Dream Trawler / 夢さらい (2)(白)(白)(青)(青)
クリーチャー — スフィンクス(Sphinx)
飛行、絆魂
あなたがカードを1枚引くたび、ターン終了時まで、夢さらいは+1/+0の修整を受ける。
夢さらいが攻撃するたび、カードを1枚引く。
カード1枚を捨てる:ターン終了時まで、夢さらいは呪禁を得る。これをタップする。

3/5

夢さらいが総ざらい。




 

スタンダードで活躍するデッキを基にメインデッキ60枚+サイドボード15枚、レアカードでもケチらず4枚収録が目立つ入門用商品『チャレンジャーデッキ』。最新版が2021年4月3日に発売となった。

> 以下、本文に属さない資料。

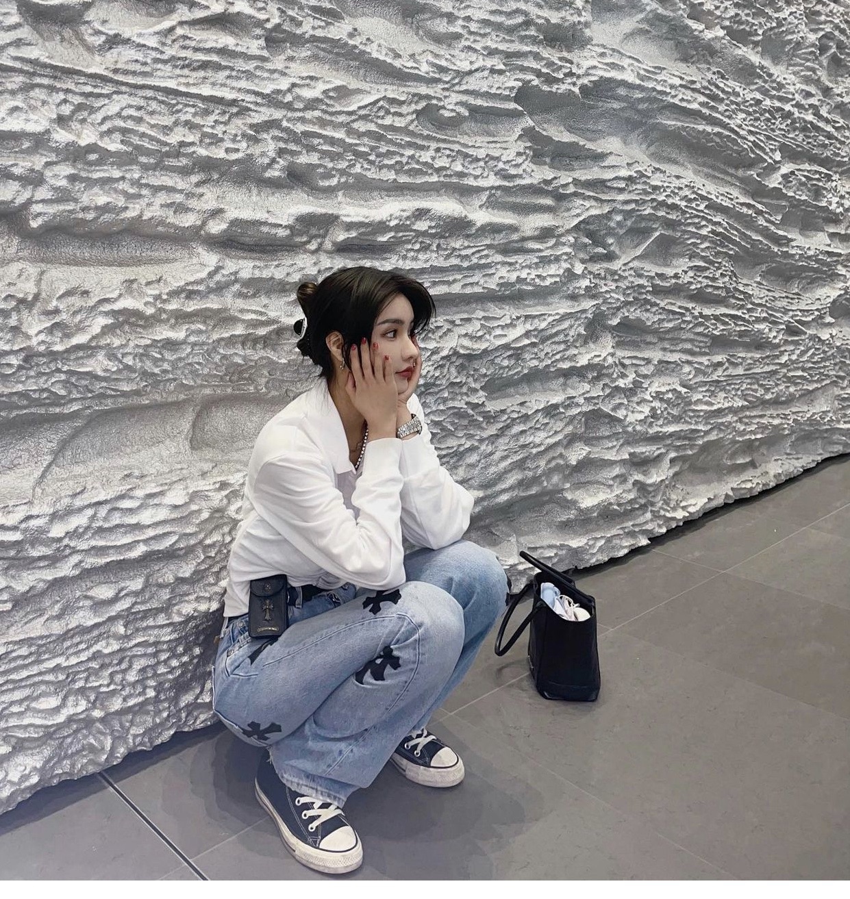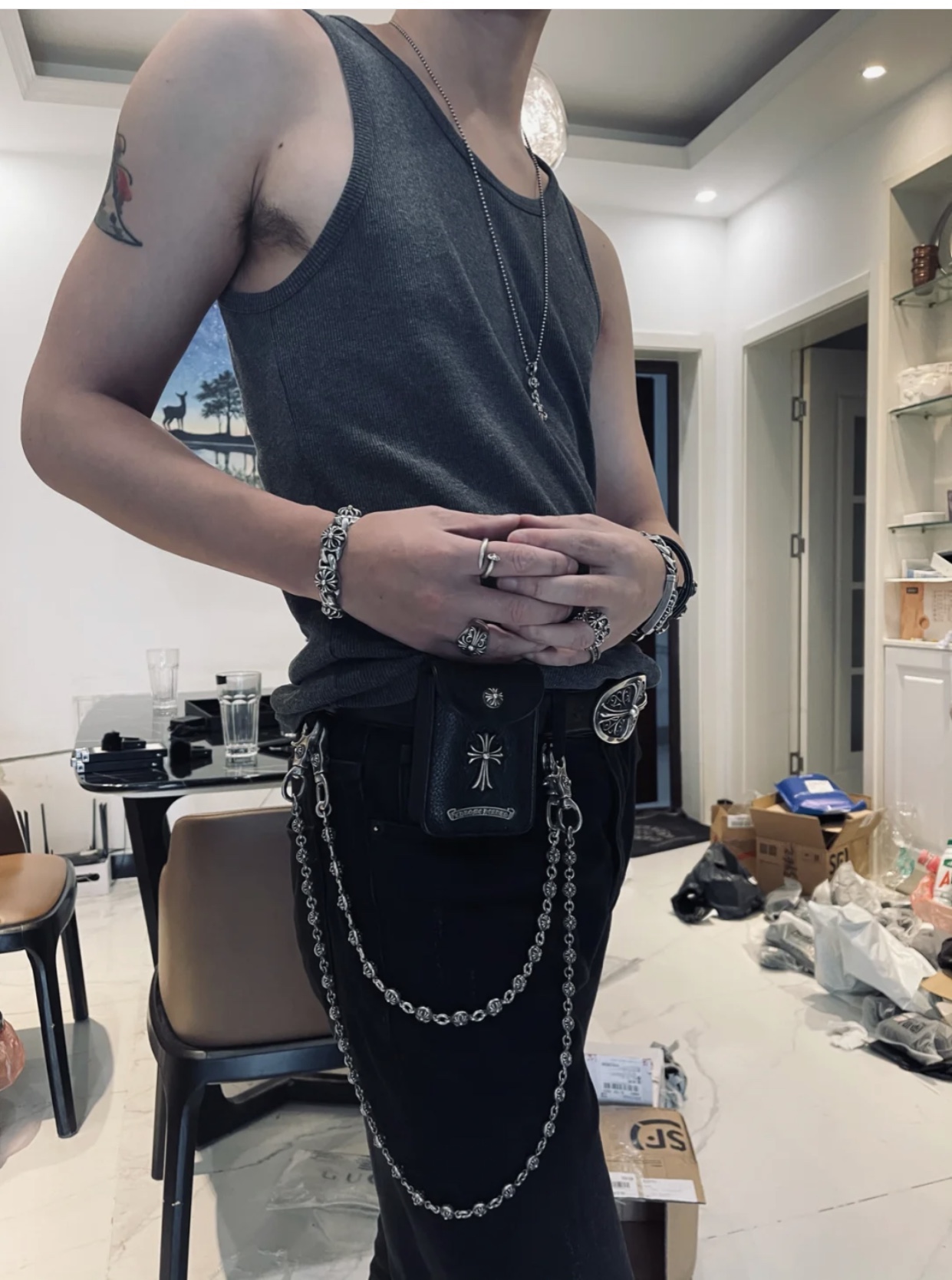 这款包包是AAAAA 1:1 质量 (非常棒). 使用了和原版一模一样的材料. 商标部分也保持了和克罗心/Chrome Hearts一样. 图片拍摄是实物包包拍摄, 您所收到的实物保证和我们图片一模一样.

基本的なことに触れつつ、収録されていない採用候補となるカードなど考察する教科書のような記事を目指すようで、ただ知識を吐き出したいだけである。

今日は青白【アゾリウス・コントロール】を眺めてみよう。

しっかり見たことなかったがかなり美人なんじゃないか?

いきなり余談

MTGは多くの異世界が存在する世界観である。その内、ラヴニカという次元は世界中全てを建造物が覆うほどに発展した都市で、この巨大都市ラヴニカ自体が世界そのものとなっている。そして、5色のマナの内2色ずつを体現する10個のギルドがそれぞれ文化を持ち、社会的な役割を果たしている。

カード的にも各ギルドに属するカードが2色で表現され、物語上の用語であるギルド名が2色の組み合わせを指す俗称としてプレイヤー間で定着。ラヴニカに関係がないセットでもデッキ名として冠するようになっている。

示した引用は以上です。